P-consciousness stands for phenomenal consciousness. This is a type of consciousness that some philosophers insist upon but others deny. The core of the debate hinges on a serious philosophical problem that arises if you insist that all consciousness arises from material causes. In fact, it is called “the hard problem of consciousness.”
Basically, the problem is that if consciousness arises from physical matter, where does consciousness come from exactly? How do the same basic chemicals in atoms go from unconscious, when found in a rock, to conscious, when found in our blood?
The concept of phenomenal consciousness, as separate from intentionality, can be understood as an attempt to bridge that gap. They suggest that while the narrator and thoughts are a part of the conscious experience, there also exists phenomenal consciousness.
This is more closely related to the concept of qualia or what it is like or feels like to be an individual at any given moment. Those who argue for the existence of phenomenal consciousness provide examples like feeling joy or seeing their favorite color.
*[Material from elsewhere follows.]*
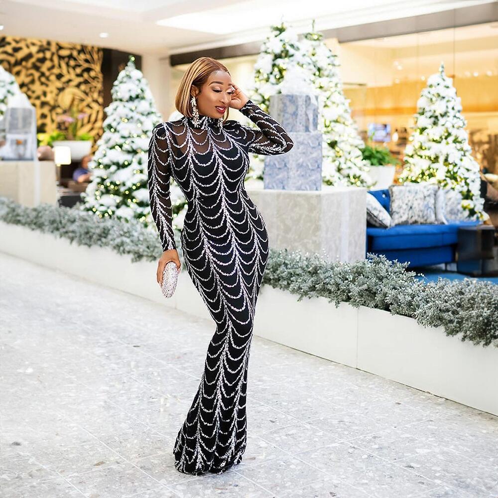 European and American African Dress Long Sleeve Evening Dress Stretch Beaded Fishtail Skirt with Inner Skirt Gold Silver

These are experiences that are not necessarily based on some kind of intentional thought about or of something.
Phenomenal consciousness and intentionality are just two terms when it comes to the philosophy around consciousness. There are many philosophers and cognitive scientists who have written hundreds of pages trying to define and understand consciousness.3 As an individual, you don’t necessarily have to read a long book to come to your own understanding of what consciousness means, however.
Developing a deeper understanding of what you believe to be true about consciousness can be a very powerful way of relating to the world. Humans tend to take their most fundamental conscious experiences for granted, but it is actually a very rich area of exploration that every human being has access to in some form or another.
Another powerful way to continue your exploration of consciousness is through paying attention to your dreams. Your dreams can help you explore alternative states of consciousness which can expand your understanding of yourself and the world around you. The more deeply you connect to these truths within yourself, the easier it becomes to feel well in your life.